But the holding of American hostages, which lasted 444 days until outgoing President Jimmy Carter was able to secure their release on the day Ronald Reagan was inaugurated in January 1981, was measured by Americans day to day, hour to hour. For the nascent news channel, it was the perfect story to keep Americans coming back.
A similar thing is happening right now to a small California non-profit. Watch Duty was launched three years ago by tech entrepreneur John Clarke Mills and dedicated to covering wildfires from a “just-the-facts” point of view. Callaway Climate Insights wrote about Watch Duty last year, after meeting Mills at a conference.
At the time, it had about 1.5 million downloads and about 150 volunteers, who acted as reporters covering the breadth and scope of wildfires from the point of view of firefighters, using radio frequencies to give the public access to unprecedented new information about where fires are and where they are going.

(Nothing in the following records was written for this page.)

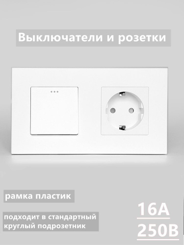 Выключатель Однокнопочный с розеткой с заземлением, 16A 250V, белая рамка пластик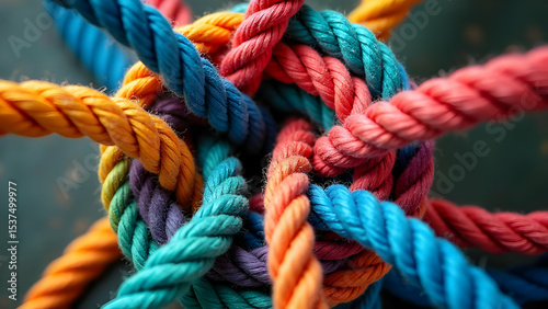 Strong attachment demonstrated through colorful ropes intertwined in unity circle representing teamwork and partnership synergy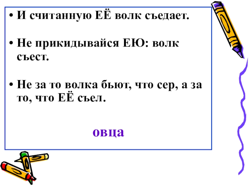 И считанную ЕЁ волк съедает. Не прикидывайся ЕЮ: волк съест. Не за то волка бьют, что сер,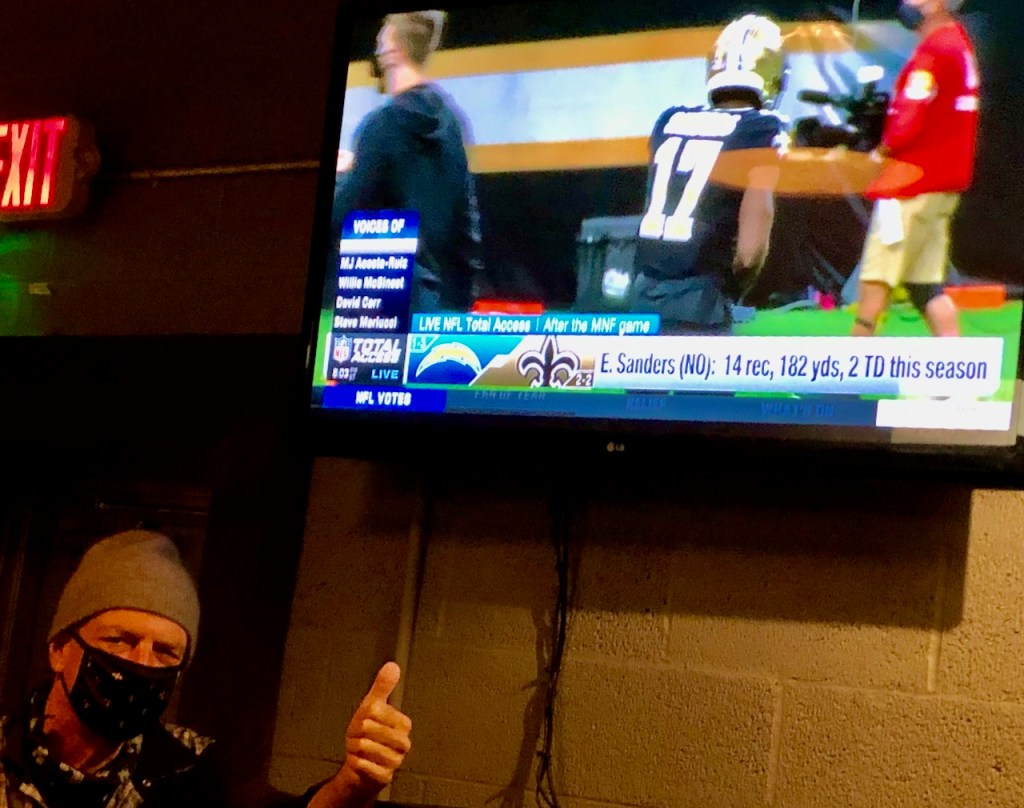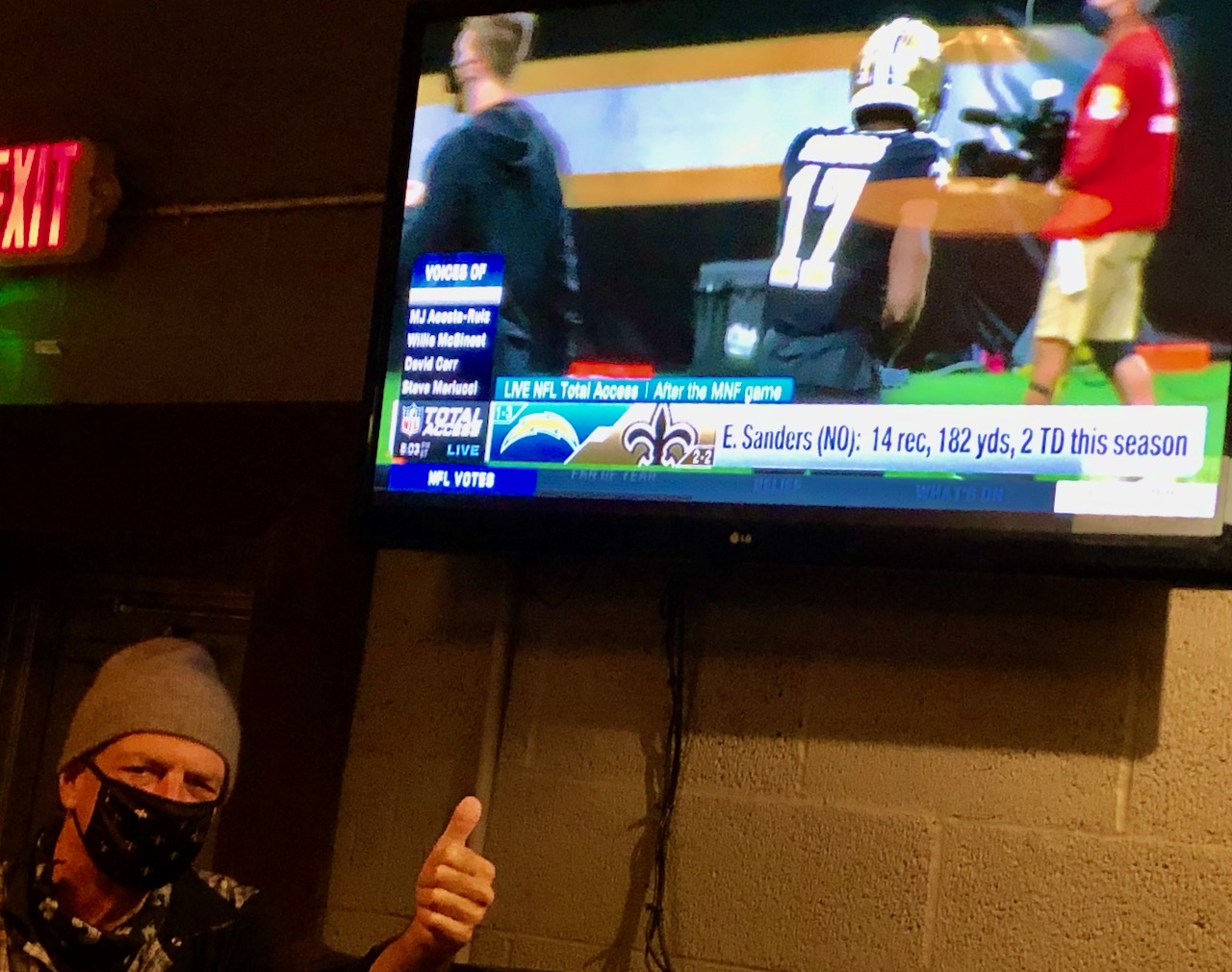 We ate that night at Evolution Craft Brewing, walking distance to our hotel. The drizzly rain continued and their outdoor seating was not covered. The restaurant/brewery was largely empty, a former warehouse with high ceilings and large distances between tables. For the only time on this trip, we ate inside. (I felt guilty about it!). After dinner Lyman and I cheered on the New Orleans Saints. Lyman is part of a group of Austin TX Saints fans that watch every game together. (Lyman is originally from New Orleans.) Tootie and I lived in New Orleans 1981-88 and remain Saints fans as well.

Since the LA fires blew up last week, Watch Duty has received more than twice that amount of traffic and has become the priority service app for anybody tracking the fires, from fire crews and first responders to homeowners wanting to know how close the flames are to their houses.

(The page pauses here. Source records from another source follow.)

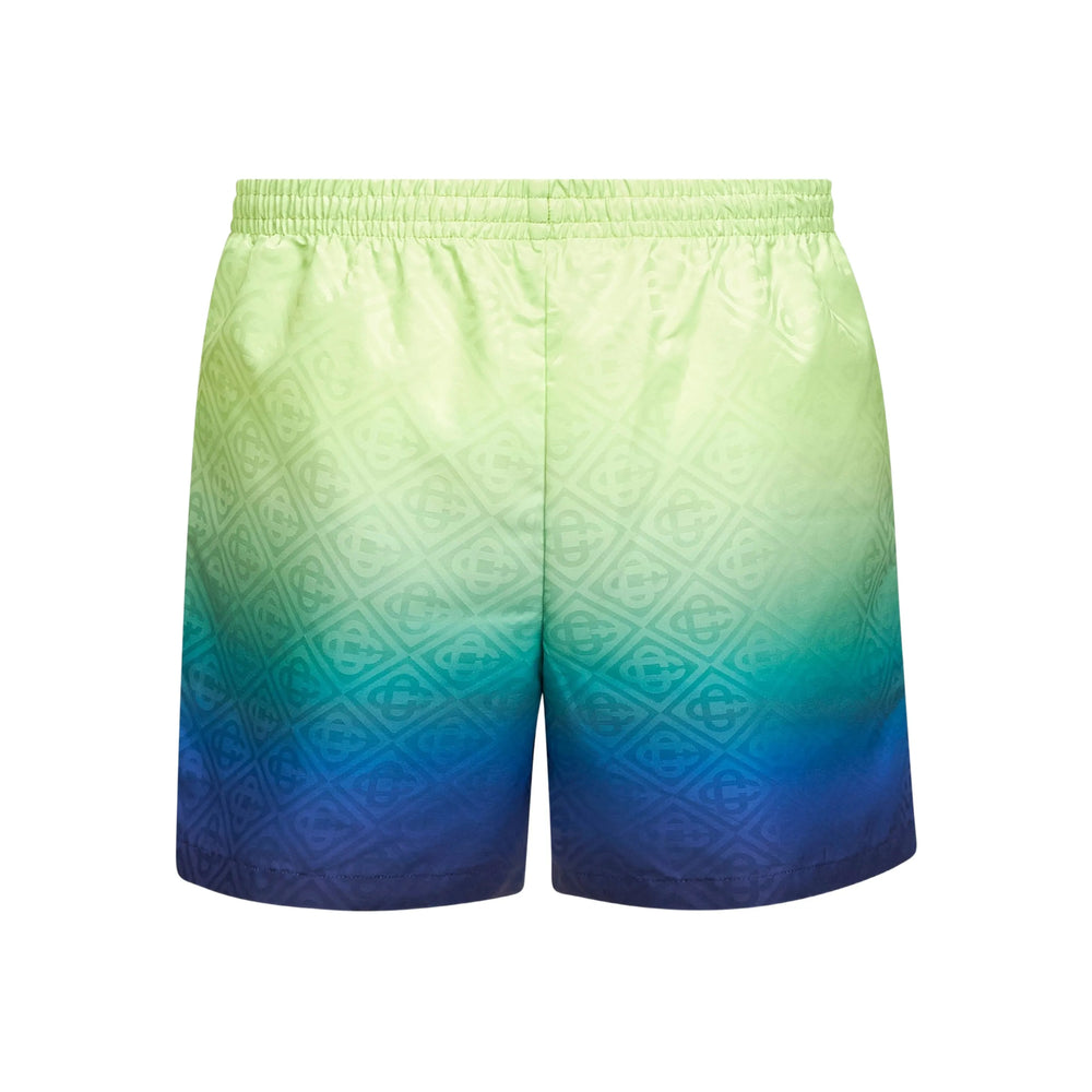 green and blue monogram pattern gradient effect elasticated waistband logo embroidery side inset pockets Be mindful to try on swimwear over your own garments.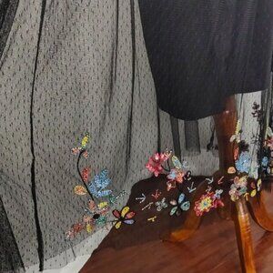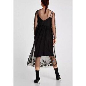 ZARA Floral Beads and Sequins Mesh Sheer Midi Dress - black mesh Plumeti Tulle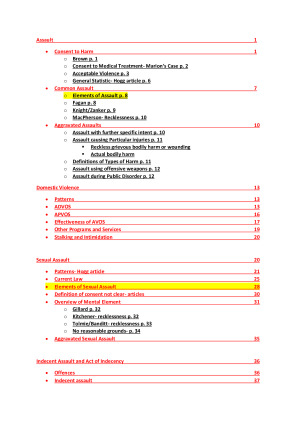 Detailed notes on following topics: 1. Assault 2. Domestic Violence 3. Sexual Assault 4. Indecent Assault and Act of Indecency 5. Murder 6. Manslaughter 7. Defences 8. Property Offences 9. Fraud 10. Group Liability Offences 11. Sentencing 12. KEY ISSUES FOR POLICY QUESTION

Watch Duty is no CNN, and Mills says his team — now about 200 — are not journalists. They simply report facts, with a mission to save lives and property. The reporters work with their sources to get news out, not to deliver viral headlines or conform to party agendas.
Still, coming at a time when most media has veered badly off course into partisan politics, muckraking, and knee-bending to authoritarian power, to see this new form of service journalism develop is refreshing. Journalism constantly refreshes itself, and we indeed seem at an inflection point right now as public trust plummets and as new climate challenges present opportunities to get back to basics.

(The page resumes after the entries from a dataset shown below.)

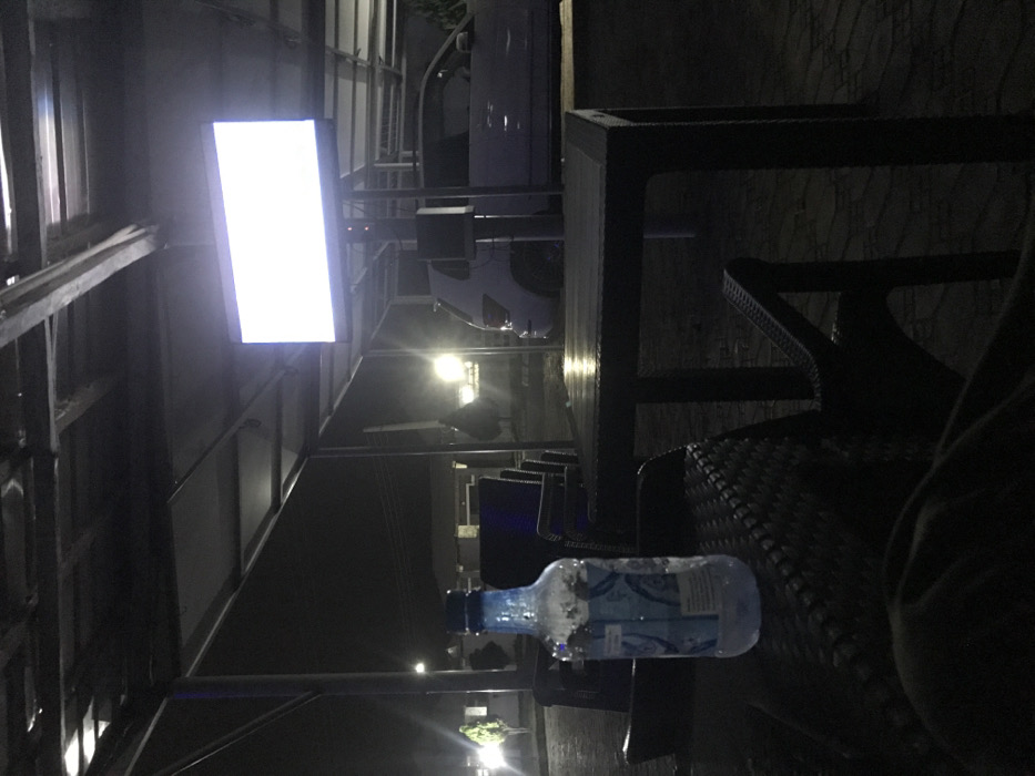 The image depicts a nighttime scene within a partially sheltered outdoor commercial or leisure establishment in Unknown, Nigeria. In the immediate foreground, a translucent plastic bottle with a blue cap and a visible label, displaying condensation, rests upright on the dark, woven surface of a chair. Below the bottle, a section of a person's leg or lap, clad in dark fabric, is visible, indicating the presence of an unseen individual occupying the chair from which the photograph was taken. To the right of this foreground chair, a dark, rectangular table with thick legs stands prominently. Further into the scene, an arrangement of additional dark-colored chairs is visible. Dominating the mid-ground and background is a large, brightly illuminated rectangular screen, likely a television or digital display, mounted on a dark pole structure and displaying an entirely white image. To the right of this screen, a light-colored SUV, possibly white or silver, is parked, with its rear section and passenger side visible. The entire area is covered by a dark roof structure, supported by metal poles, suggesting a patio or open-air lounge. The ground surface appears paved or tiled. Multiple artificial light sources, including distant streetlights or building lights, illuminate various parts of the environment, casting distinct shadows and contributing to the overall dim but functional lighting conditions. No direct human actions or interactions are explicitly captured beyond the implied presence of the person in the foreground.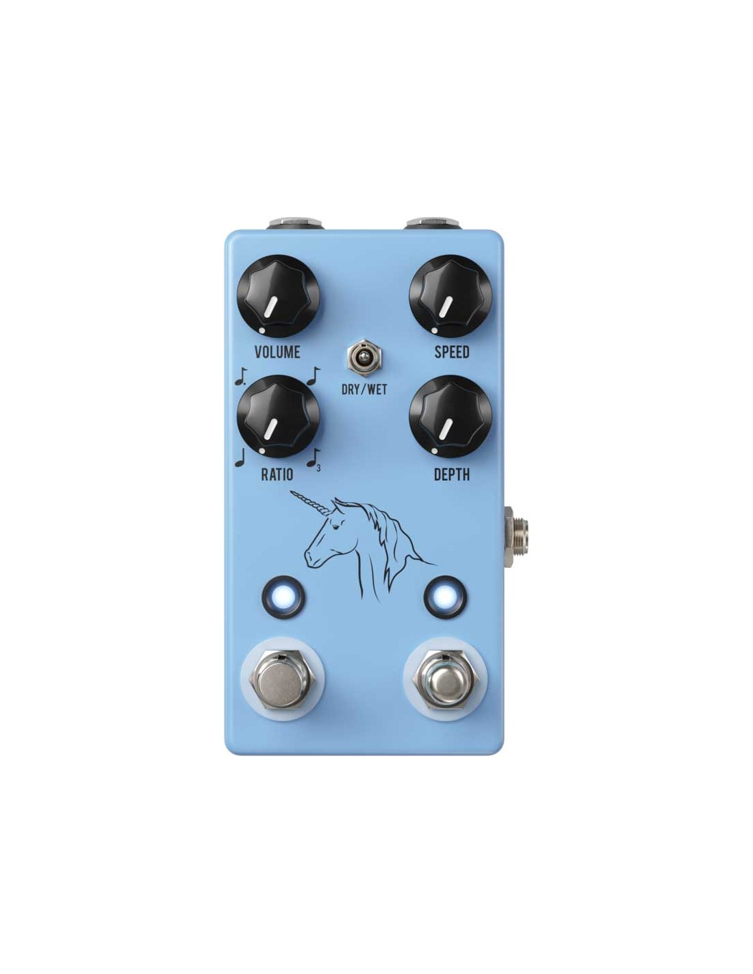 PEDAL DE VIBRATO Un circuito inspirado en el pedal Uni-Vibe de los 60 pero con Tap Tempo para controlar la velocidad y ajustar el LFO. Podrás manipular el Tap Tempo con un pedal de expresión externo sin influir sobre el recorrido de audio analógico ni en la célula fotoeléctrica. Control Volume hasta 9dB de boost. Control Depth para la mezcla. Control Ratio con 4 velocidades y selector Dry/Wet para que tengas un predeterminado nivel de señal sin efecto (como el Uni-Vibe) o un sonido solo de vibrato. Entrada Tap/Exp para conectar un pedal de expresión TRS combinable con un selector interno para que controles el efecto desde fuera. Con la posición Tap Out podrás conectar el Unicorn a cualquier otro pedal que desees manipular su tempo y utilizar un pedal para controlar el tempo del otro. Esta nueva versión es igual que la primera pero con la mitad de tamaño.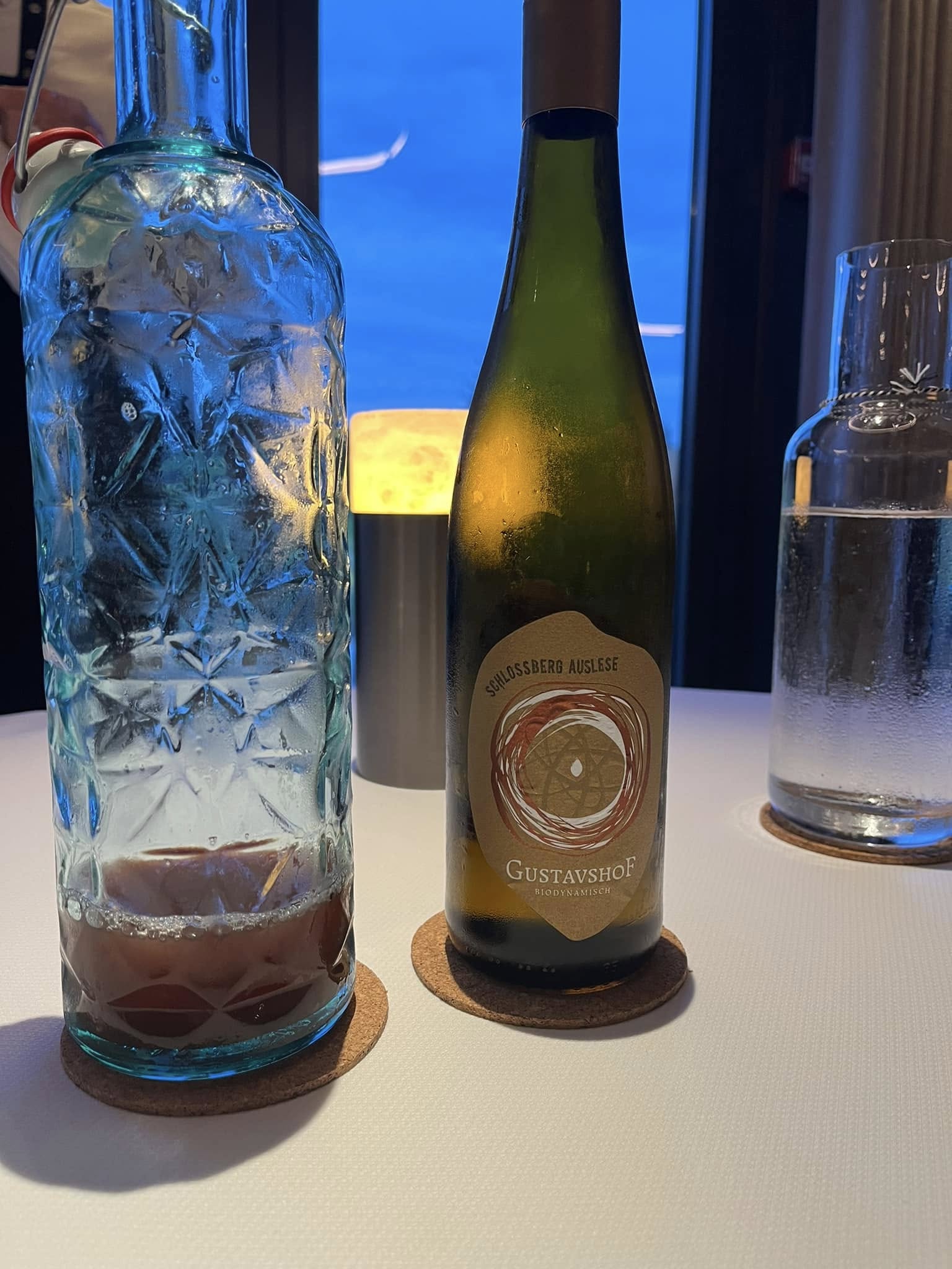 I glasset havde vi: 2022 Huxelrebe-Johanniter Auslese ”Schlossberg”, Weingut Gustavhof, Rheinhessen, Tyskland�Saft på jordbær, rabarber, vanilje og sødskærm.

I monitored the fires myself over the past week from a narcotic-induced haze after knee surgery, and I found that Watch Duty dominated my phone screen. While broadcast news showed me fire porn of burned neighborhoods and burning hills, the app told me what type of planes firefighters were using to douse the flames, what the containment levels were, and what wind conditions were doing to flight patterns and fire direction shifts. In short, the same news the firefighters were using.
In time, I expect other news organizations to spring up around climate disasters, as this type of service is anything but commodity news. It is vital breaking news — service journalism — designed to educate and warn people on the fly, hopefully in time to save their lives.
Don’t forget to contact me directly if you have suggestions or ideas at dcallaway@callawayclimateinsights.com.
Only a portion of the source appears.